I need to calculate the age of someone at the time that a test was
taken. I
need the age to show years and percentage of year (3.9 years old at time
of
test).

I'm putting this formula in a form in Access 2003

My current calculation is DateDiff("yyyy",[StuDOB],[DateTest])

StuDOB = Student date of birth
DateTest = Date test was taken

I get the correct years, but I can't get the percentage in months.

Is 3.9 three years and nine months? or 3 years and 349 days (0.9 years)?
Your
phrase "percentage in months" is worrisome...

To get years and fractional years, accurate to +1 in the first decimal
place
over the span of a century (by ignoring leap years), you can use

Round(DateDiff("d", [StuDOB], [DateTest]) / 365., 1)


John W. Vinson [MVP]

 

[CBeavers]

I'm getting so close, but it's not quite right.

I am wanting to count up to 12 months.
I plugged 12/16/87 for the StuDOB (Student D.O.B) and 2/21/1991 for the
DateTest (Date of test)

But, I got back 3.98 instead of 3.02

=DateDiff("yyyy", [StuDOB], [DateTest]) + -
Round((DateDiff("m",[StuDOB], [DateTest]) mod 12) / 100., 2)

DateDiff("m", [StuDOB], [DateTest]) will give you the total number of months
between the two dates. To only get the "left over" months, you could use
DateDiff("m", [StuDOB], [DateTest]) Mod 12.

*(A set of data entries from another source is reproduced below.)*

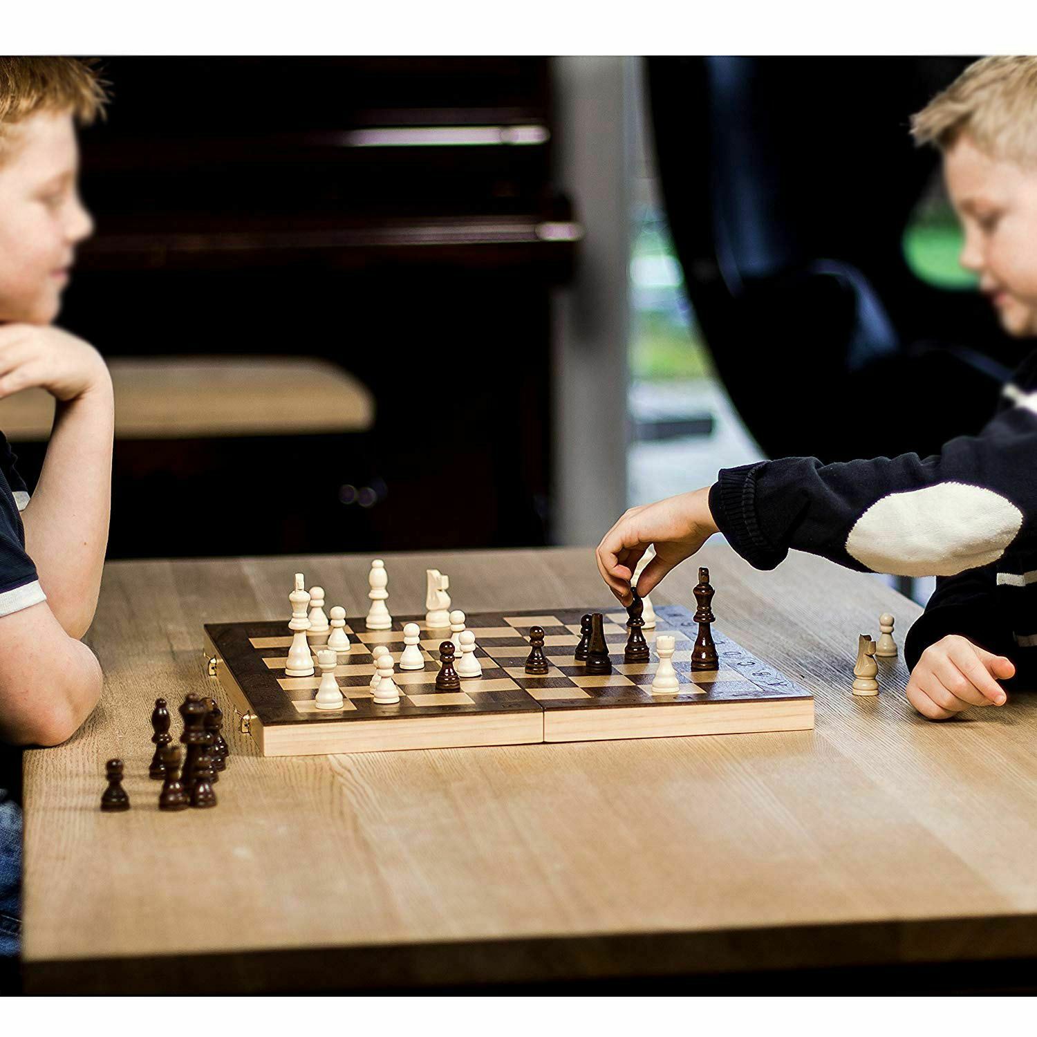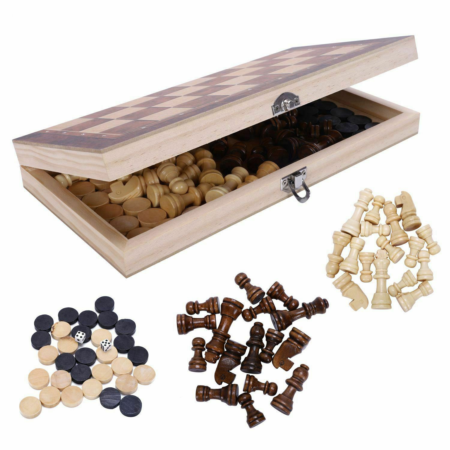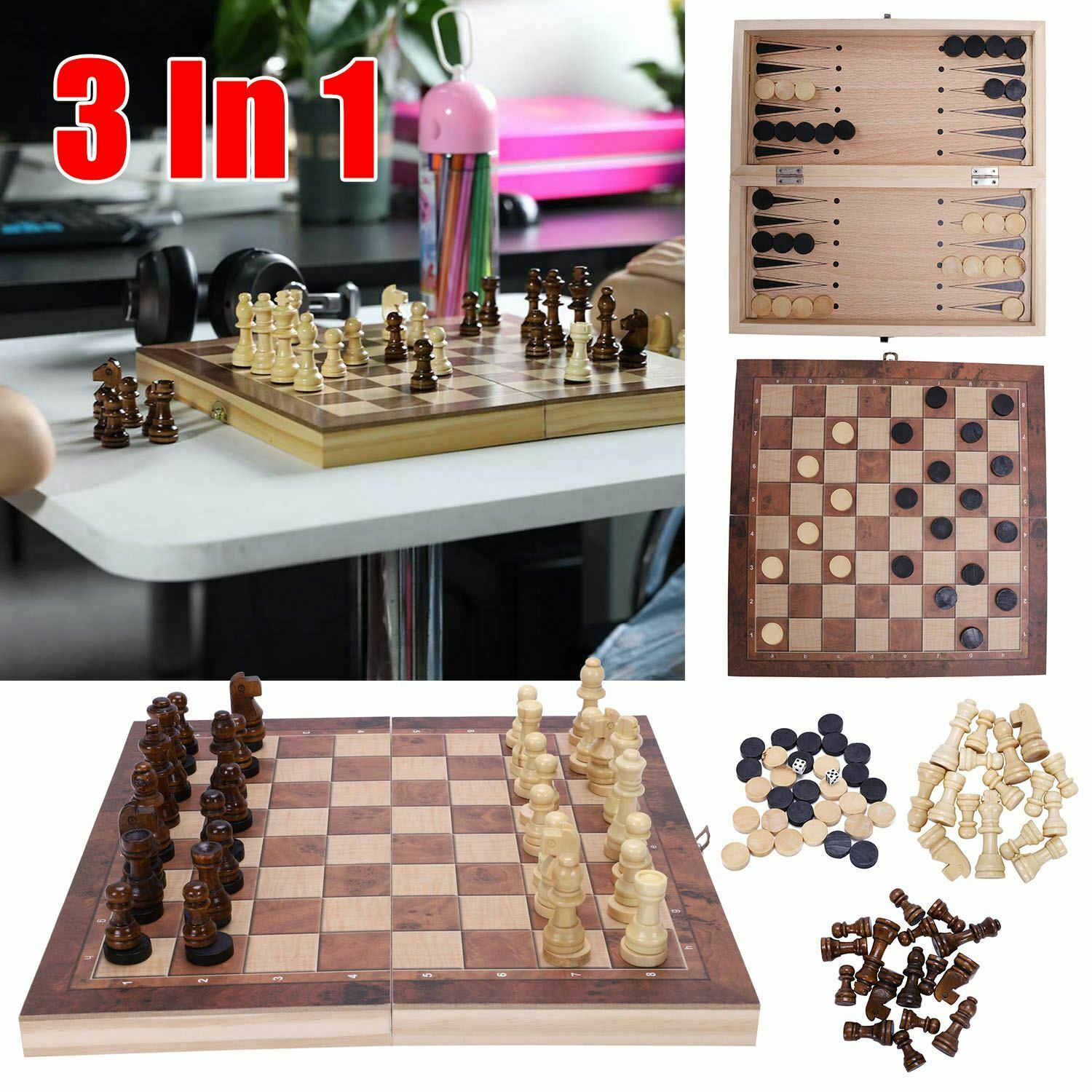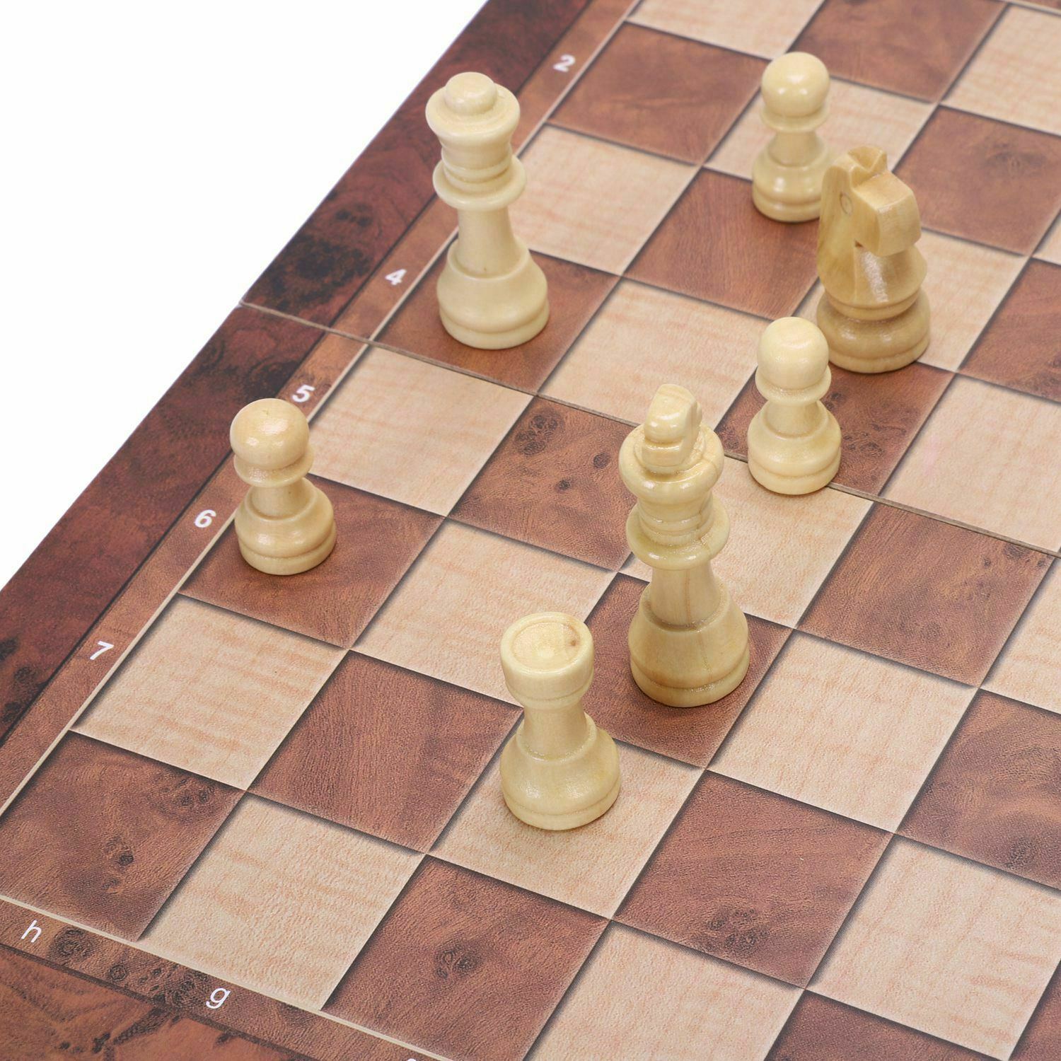 UK 3 IN 1 Large Chess Wooden Set Folding Chessboard Pieces Wood Board New Hot PT
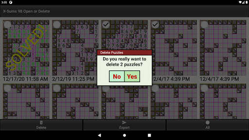You can select one or more saved Kakuro puzzles and export them as a ZIP file.
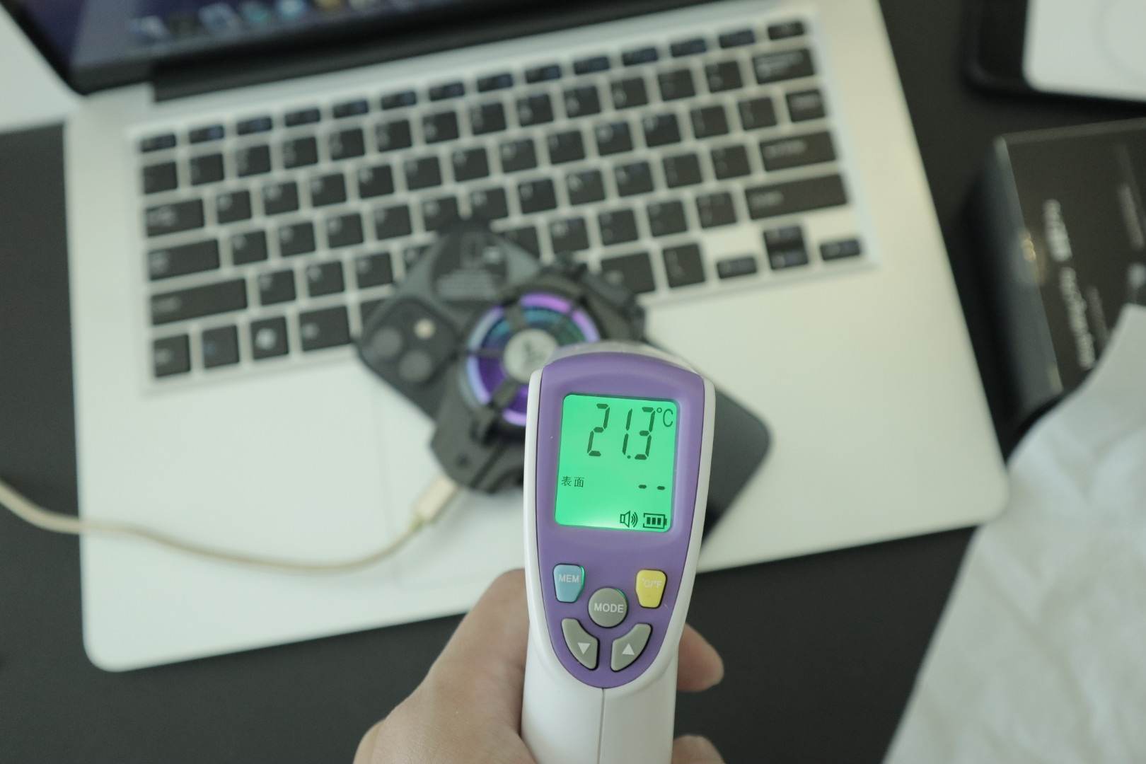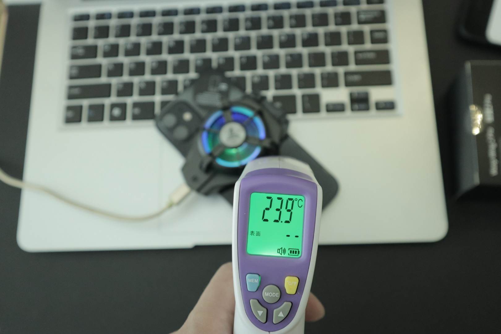 飞智蜂翼2Pro手机散热器使用五分钟后,温度测得为23.9度,该温度下手机手感十分清凉,几乎感觉不到任何热意。
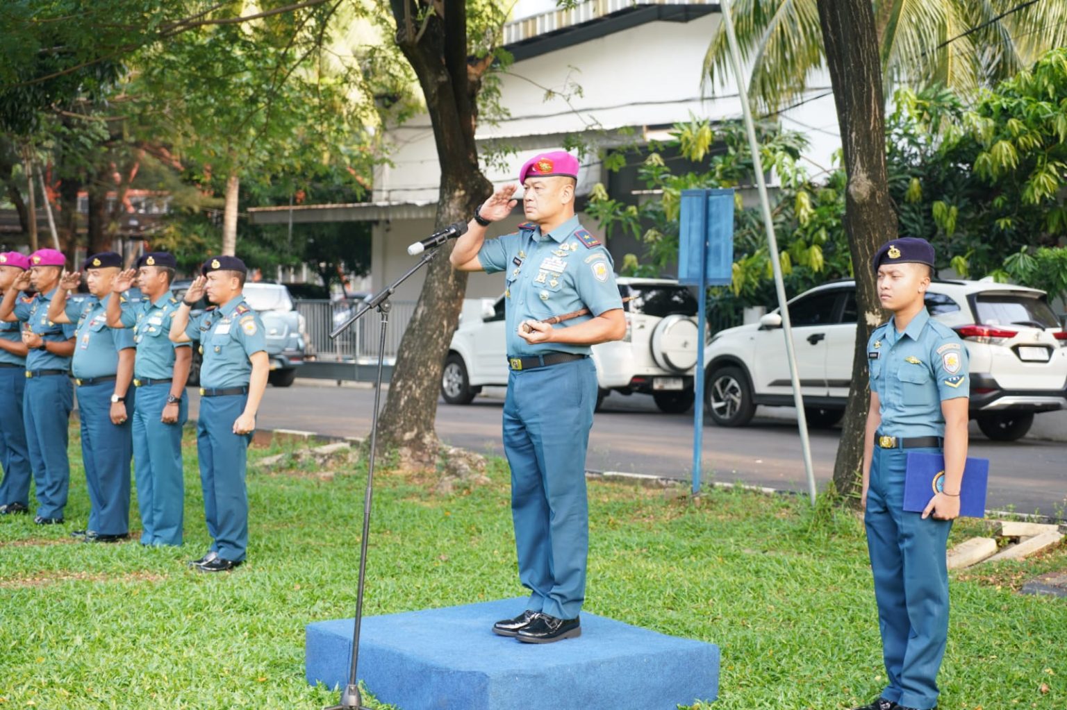 TNI AL-Dispenlantamal3. Komandan Pangkalan Utama TNI Angkatan Laut (Danlantamal) III Jakarta Brigjen TNI (Mar) Harry Indarto, S.E., M.M. selaku Ketua Panitia Daerah (Panda) Lantamal III Jakarta melepas keberangkatan 108 calon Bintara (Caba) prajurit karier (PK) TNI Angkatan Laut gelombang I tahun 2024 ke seleksi tingkat pusat di Lembaga Penyedia Tenaga TNI Angkatan Laut (Lapetal) Malang bertempat di lapangan apel Mako Lantamal III Jakarta Jl. Gunung Sahari No. 2 Ancol, Jakarta Utara, Rabu (17/04/2024).

However, adding 9 as .9 can be a bit problematic. If you were only adding
values between 1 and 9, you'd divide by 10 and add it to the number of
years. However, since you can also have values of 10, 11, and 12, that
approach won't work. It would be easier if you'd accept 3.09 for 3 years, 9
months, because then you could use

=DateDiff("yyyy", [StuDOB], [DateTest]) + _
Round((DateDiff("m",[StuDOB], [DateTest]) mod 12) / 100., 2)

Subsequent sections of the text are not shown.